---- TASK INPUT

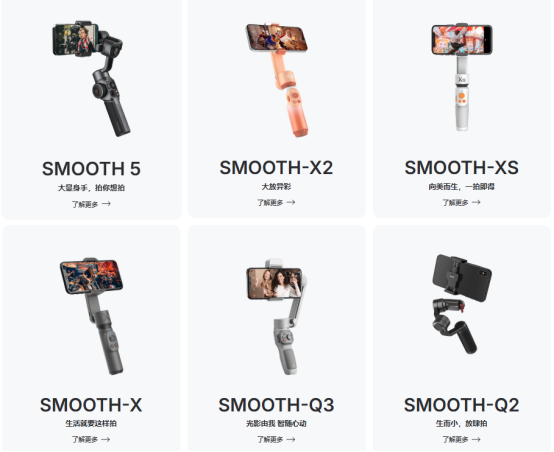技术护城河越挖越深。其自主研发的第十代蜂巢稳控算法与磁钢电机技术,精妙地平衡了动力输出与能源损耗,CRANE 3S 更是凭借 6.5kg 的峰值荷载,成功征服了专业级摄影设备市场。而在大众消费端,SMOOTH-X 系列通过极简的轻量化结构,将体感重量降低了 40%,大幅降低了普通用户的创作门槛。
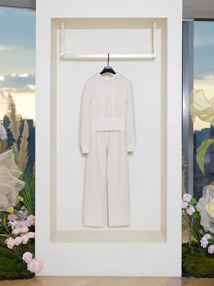 オフホワイトのスウェットシャツ,オフホワイトのスウェットパンツ,グレーのスウェットシャツ,グレーのスウェットパンツ
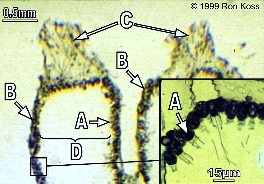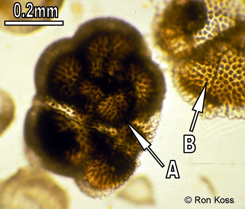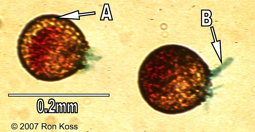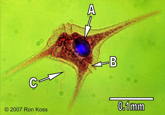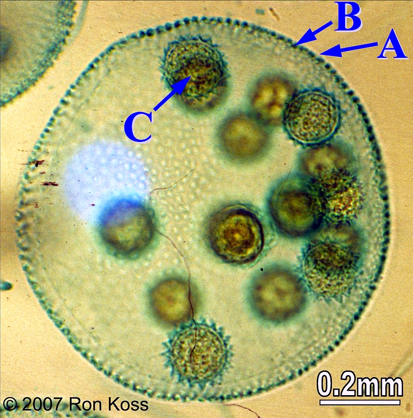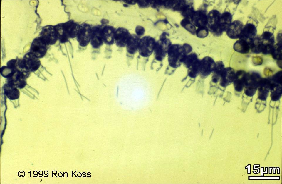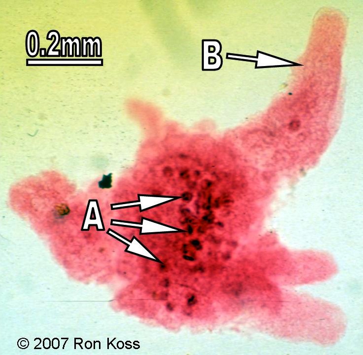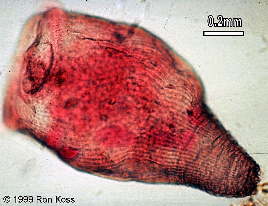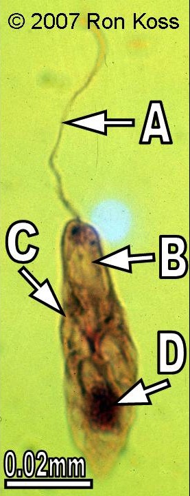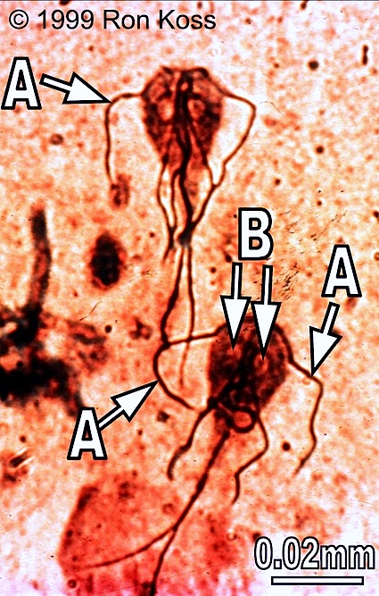 Test yourself by identifying the features labelled by arrows in these images. Can you name the higher taxonomic group to which each organism belongs? If not, use the key (for easiest use, hold the cursor down on the "key" link until you see the option "New Window with this Link"; this will open a second browser and allow you to view the key and the study image at the same time).
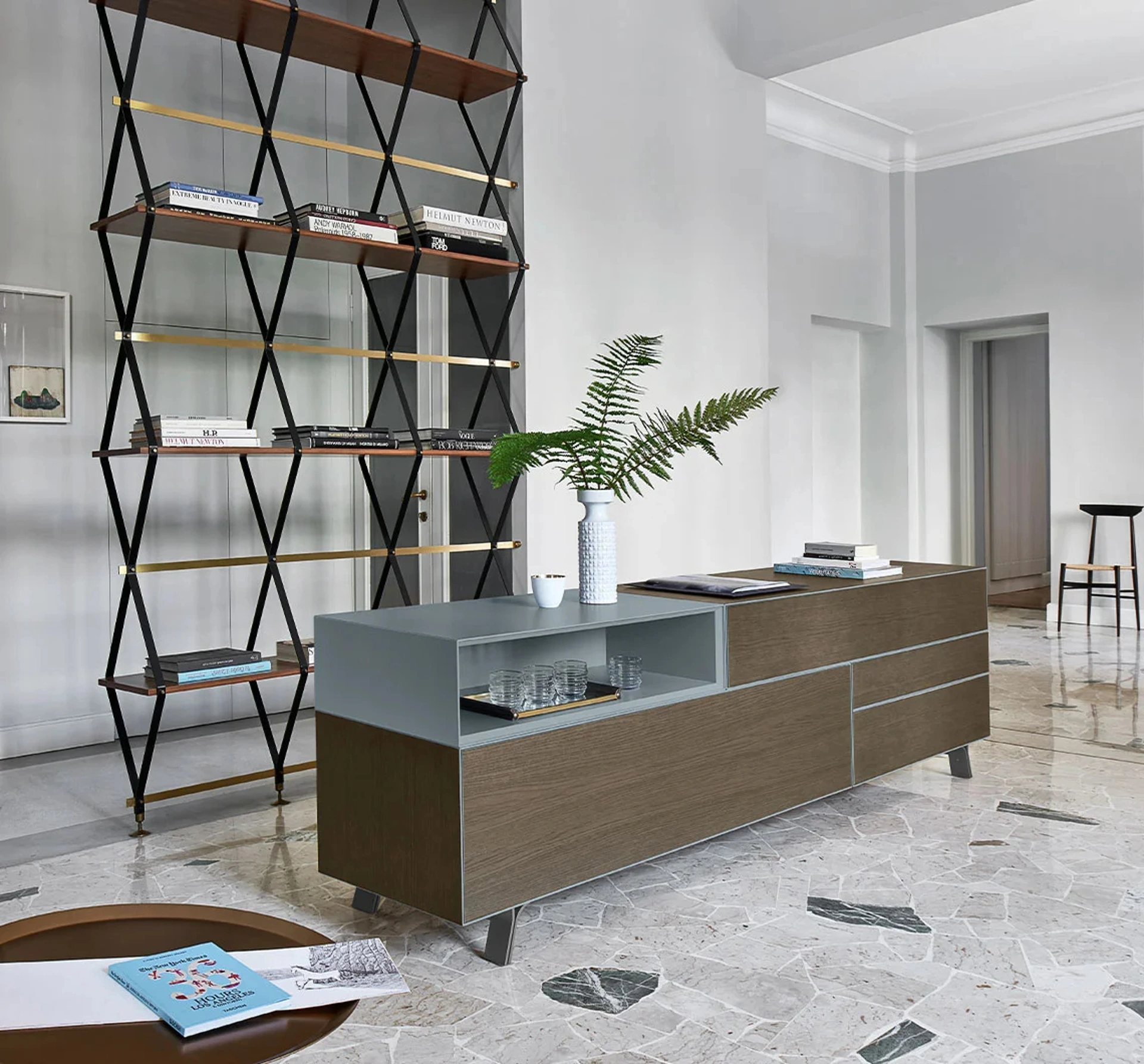 La madia Domino In di Sangiacomo si distingue per la sua eccezionale modularità e l'ingegneria del design. Proposta nelle varianti IN.2 e IN.3, questa collezione consente configurazioni dinamiche tramite la sovrapposizione di moduli, offrendo flessibilità compositiva. L'ampia selezione di altezze e finiture cromatiche permette una personalizzazione approfondita. Il design, caratterizzato da linee essenziali e contemporanee, si adatta con armonia a contesti sia moderni che classici, conferendo un'eleganza intrinseca. La funzionalità si estende alla possibilità di integrare vani dedicati con mensole in vetro a profondità ridotta, ottimizzati per l'organizzazione di bicchieri e bottiglie, trasformando la madia in un raffinato elemento bar. Questa soluzione rappresenta un'eccellente fusione di estetica e praticità, progettata per soddisfare le esigenze di arredo contemporaneo.
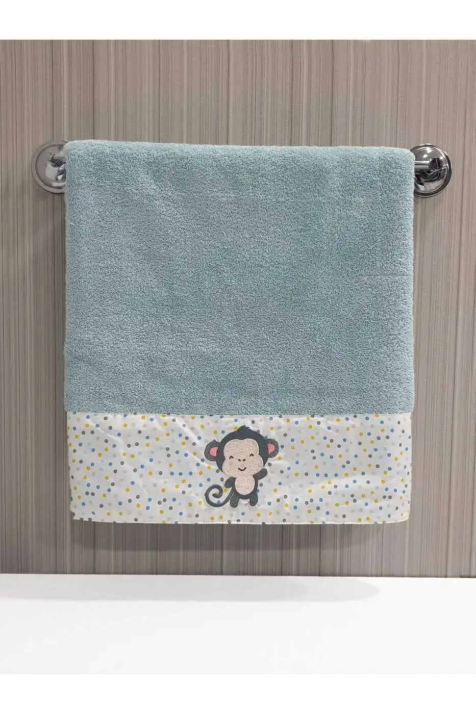 Полотенце для новорожденных с вышитым рисунком обезьяны в одном комплекте 50x90 см, 100% хлопок
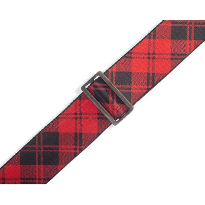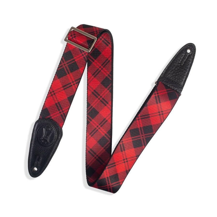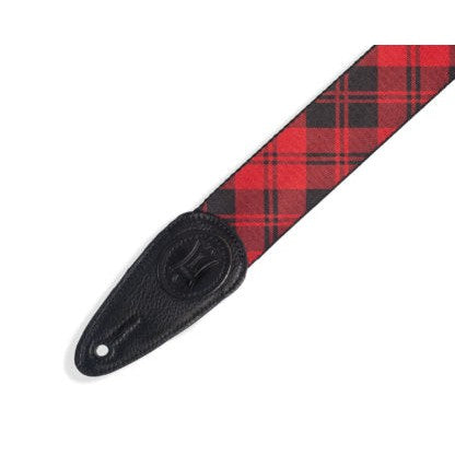 Levy’s 2″ polyester guitar strap in Lumberjack print with black garment leather ends.
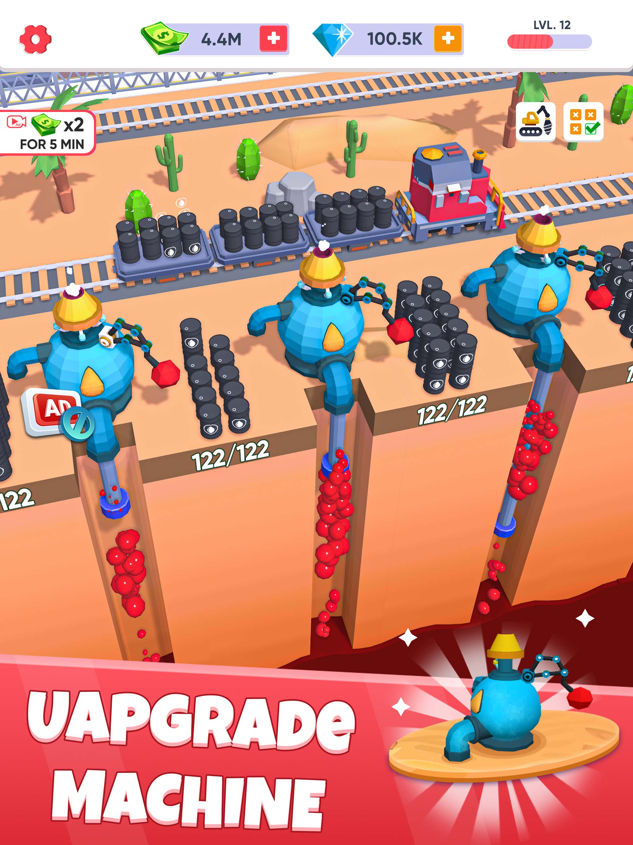 Can you please make it so that you can upgrade the speed of the conveyor belts that feed to barrel to the pumps, i have stocked up 3000 at the drop off point. Also you should look into making it so that you upgrade each machine individually with speed upgrades and etc. This will alow the player to make things match in speed so in the sense that the storage at the pump gets full when the train arrives.
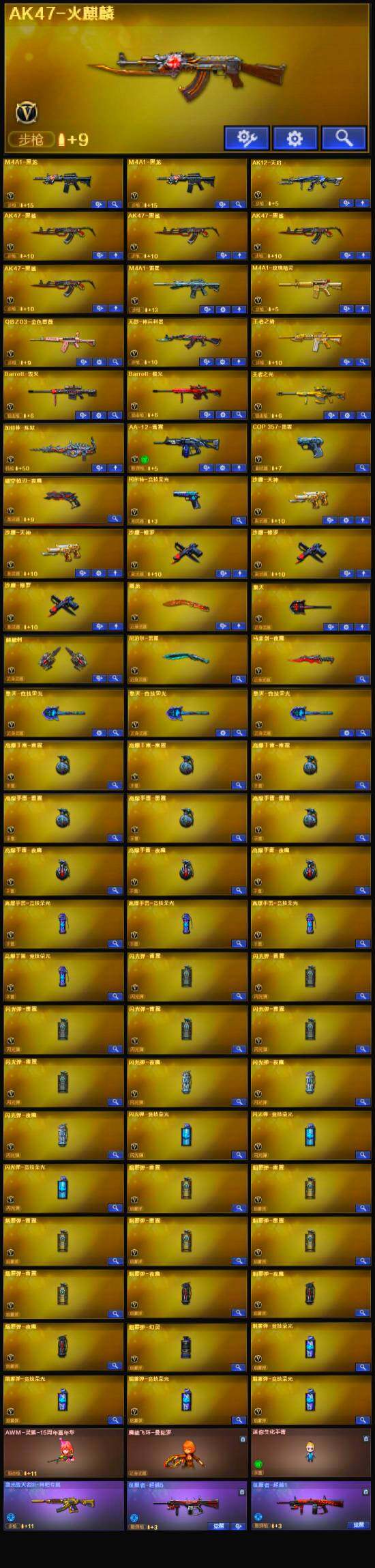 【英雄级武器】:柯尔特-竞技荣光,擎天-竞技荣光*3,高爆手雷-竞技荣光*4,烟雾弹-竞技荣光*4,闪光弹-竞技荣光*3,破空枪刃-夜魔,马来剑-夜魔,M4A1-雷霆,QBZ03-金色蔷薇,无影-神兵利器,M4A1-黑龙*2,M4A1-玫瑰精灵,加特林-炼狱,AK47-火麒麟,AK12-天启,Barrett-毁灭,Barrett-极光,AA-12-雷霆,AK47-黑鲨*4,M4A1-赤狱骑士,沙鹰-天神*2,沙鹰-修罗*3,麒麟刺,擎天,屠龙
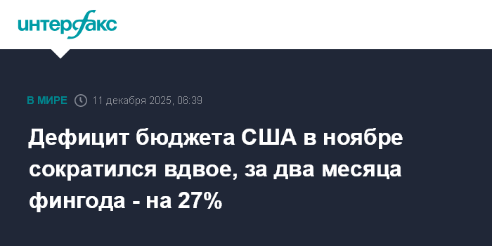 Дефицит бюджета США в ноябре сократился вдвое, за два месяца фингода - на 27%
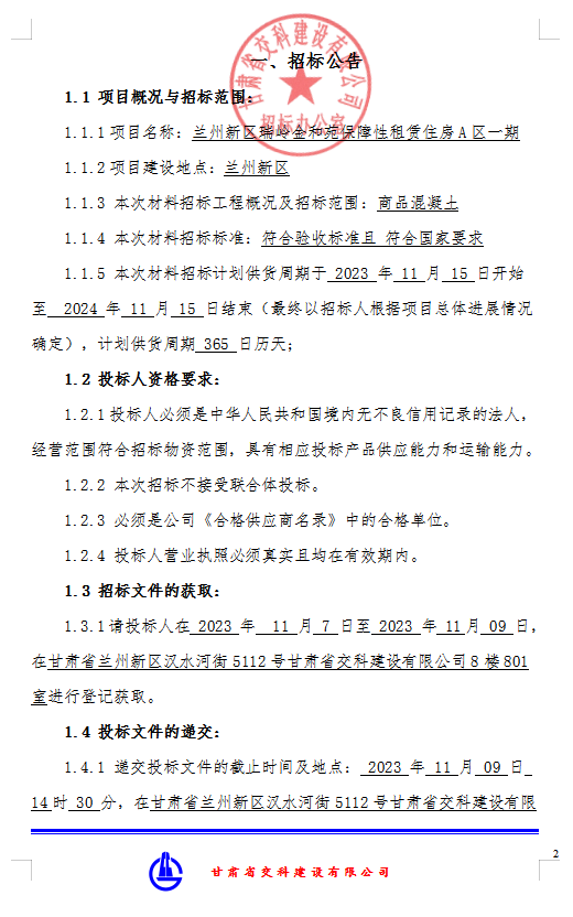 兰州新区瑞岭金和苑保障性租赁住房A区一期-混凝土招标公告
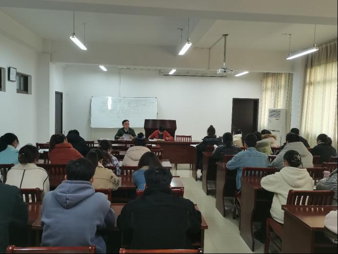 工程造价学生党支部在教A308召开支部党员转正会议,讨论是否接收黄思文等四名预备党员转为正式党员。会议由支部书记赵玉婷主持,支部全体党员参加会议。
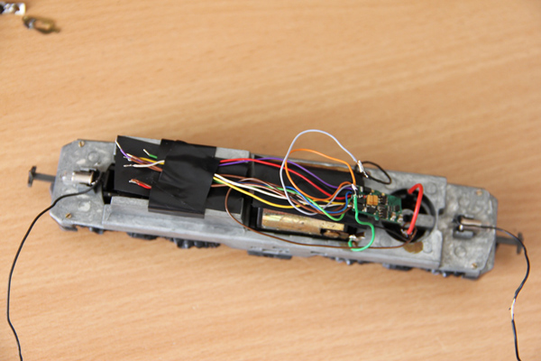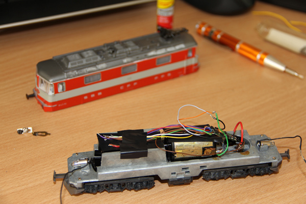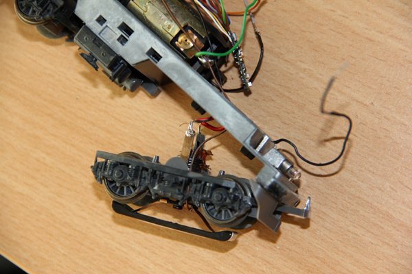 Schnell war der Schliefer unter der Lok verstaut und die Kabel angeschlossen. Einen ersten Versuch meisterte die Lok bravurös. Da die Limalok wahrschienlich länger nicht lief, stand sie zwischenzeitlich auf dem C-Gleis bockstill. Nach der Reinigung der Schienenabschnitte lief sie auch dort ohne Probleme. Allerdings will sie nicht über Weichen fahren. Irgendwie erhält die Lok keinen Strom. Kann das an den Radkontakten liegen?
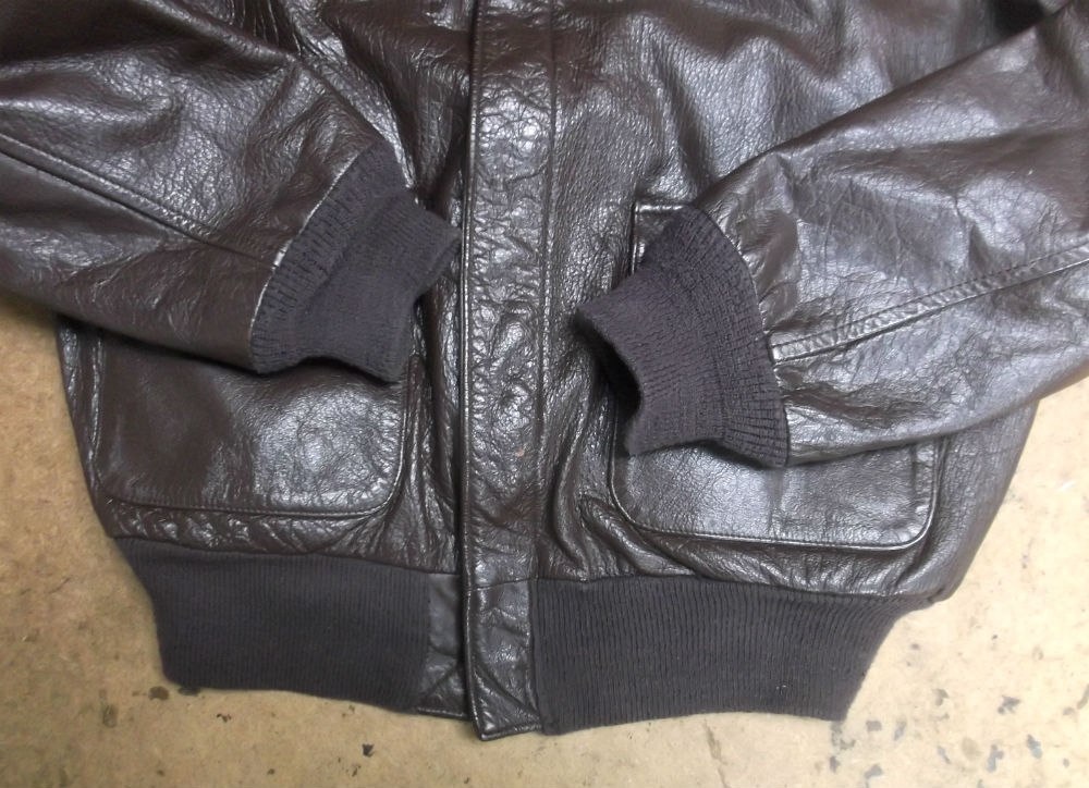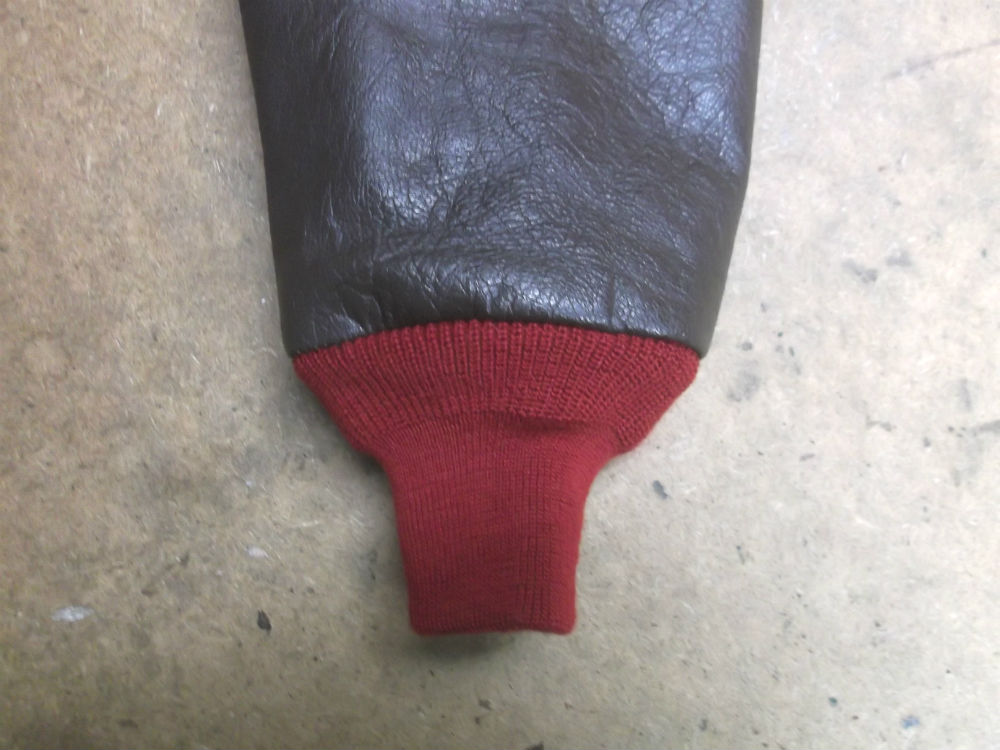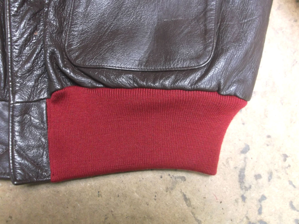 31枚目はA-2フライトジャケットに取り付けた両袖と腰回りのリブニットの写真です。

--------

TASK PROMPT: Would you output only the span of the records above that opens with the line containing "オフホワイトのスウェットシャ" and closes with the line containing "Test yourself by", ends included and pictures dropped?

REPLY:
 オフホワイトのスウェットシャツ,オフホワイトのスウェットパンツ,グレーのスウェットシャツ,グレーのスウェットパンツ
 Test yourself by identifying the features labelled by arrows in these images. Can you name the higher taxonomic group to which each organism belongs? If not, use the key (for easiest use, hold the cursor down on the "key" link until you see the option "New Window with this Link"; this will open a second browser and allow you to view the key and the study image at the same time).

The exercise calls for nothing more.